`warehouse_read`

Public callable

Read a table from a Microsoft Fabric warehouse.

This uses Fabric Spark's synapsesql connector to read from a warehouse configured in the framework CONFIG mapping. In Source → Unified → Product workflows, this is commonly used when curated inputs are stored in Fabric Warehouse instead of Lakehouse tables.

Parameters:

Name	Type	Description	Default
`env`	`str`	Environment name in the config mapping, for example `"Sandbox"` or `"DE"`.	required
`target`	`str`	Warehouse target name under the selected environment, for example `"Warehouse"` or `"wh_Bronze"`.	required
`schema`	`str`	Warehouse schema name, for example `"dbo"`.	required
`table`	`str`	Warehouse table name.	required
`config`	`dict`	Config mapping from the config notebook. Expected shape: `config[environment][target] = Housepath(...)`.	`None`
`spark_session`	`object`	Spark session to use. If omitted, the helper uses the notebook global `spark`.	`None`

Returns:

Type	Description
`DataFrame`	Spark DataFrame loaded from the Fabric warehouse table.

Raises:

Type	Description
`RuntimeError`	If the Microsoft Fabric Spark connector is unavailable.
`ValueError`	If the selected environment or target is missing from the config.

Examples:

>>> df = warehouse_read(
...     env="EDLH",
...     target="wh_Bronze",
...     schema="dbo",
...     table="Customer",
...     config=CONFIG,
... )

Source code in src/fabricops_kit/fabric_io.py

def warehouse_read(env, target, schema, table, config=None, spark_session=None):
    """Read a table from a Microsoft Fabric warehouse.
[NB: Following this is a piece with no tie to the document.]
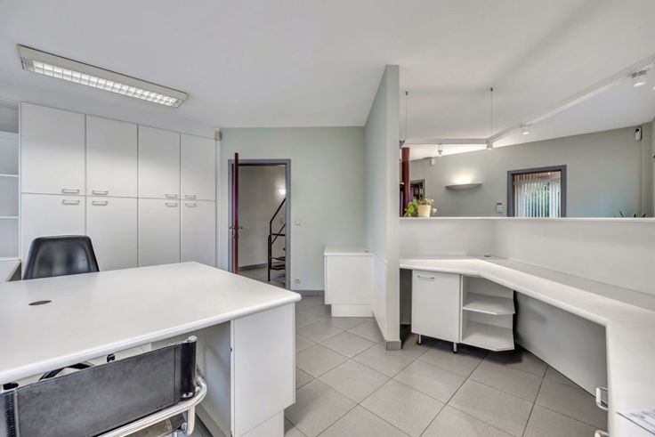 Voor meer info of bezoek, bel 02 884 23 25: Topo-Immo biedt u dit ruim kantoorgebouw aan, gelegen op een perceel van 7a72ca, met voldoende parkeergelegenheid en gesitueerd op een zeer strategische locatie langs de N8 (Brussel-Ninove). Het gebouw bestaat uit 3 verdiepingen: Het gelijkvloers omvat een lichtrijke inkomhal (16m²) met onthaal (16m²) en aparte wachtruimte (7m²). Verder kan je hier nog 2 ruime burelen terugvinden van elk 24m² en een archiefruimte (7m²). Op het verdiep bevinden zich nog 3 bureauruimtes (12 m², 19m² en 27 m²). De kelderverdieping omvat een vergaderzaal (20m²), 3 burelen (13m², 15m² en 15m²), een lunchruimte met kitchenette (15m²), een kleine bergruimte en een sanitair blok met 2 gescheiden toiletten. Unieke handelsligging!! Ideaal voor KMO's of zelfstandigen die een toplocatie zoeken voor hun onderneming! EPC D
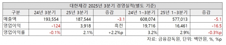 금융감독원에 따르면 올 3분기 별도 기준 대한제강 매출액은 1,875억4,400만원으로 전년 동기 대비 3.1% 감소했다.

    This uses Fabric Spark's `synapsesql` connector to read from a warehouse
    configured in the framework `CONFIG` mapping. In Source → Unified →
    Product workflows, this is commonly used when curated inputs are stored in
    Fabric Warehouse instead of Lakehouse tables.

    Parameters
    ----------
    env : str
        Environment name in the config mapping, for example `"Sandbox"` or `"DE"`.
    target : str
        Warehouse target name under the selected environment, for example
        `"Warehouse"` or `"wh_Bronze"`.
    schema : str
        Warehouse schema name, for example `"dbo"`.
    table : str
        Warehouse table name.
    config : dict, optional
        Config mapping from the config notebook. Expected shape:
        `config[environment][target] = Housepath(...)`.
    spark_session : object, optional
        Spark session to use. If omitted, the helper uses the notebook global
        `spark`.

    Returns
    -------
    pyspark.sql.DataFrame
        Spark DataFrame loaded from the Fabric warehouse table.

    Raises
    ------
    RuntimeError
        If the Microsoft Fabric Spark connector is unavailable.
    ValueError
        If the selected environment or target is missing from the config.

    Examples
    --------
    >>> df = warehouse_read(
    ...     env="EDLH",
    ...     target="wh_Bronze",
    ...     schema="dbo",
    ...     table="Customer",
    ...     config=CONFIG,
    ... )
    """
    spark_obj = _get_spark(spark_session)
    p = get_path(env, target, config=config)

    try:
        import com.microsoft.spark.fabric
        from com.microsoft.spark.fabric.Constants import Constants
    except Exception as exc:
        raise RuntimeError(
            "This function must run inside Microsoft Fabric Spark with "
            "com.microsoft.spark.fabric available."
        ) from exc

    return (
        spark_obj.read.option(Constants.WorkspaceId, p.workspace_id)
        .option(Constants.DatawarehouseId, p.house_id)
        .synapsesql(f"{p.house_name}.{schema}.{table}")
    )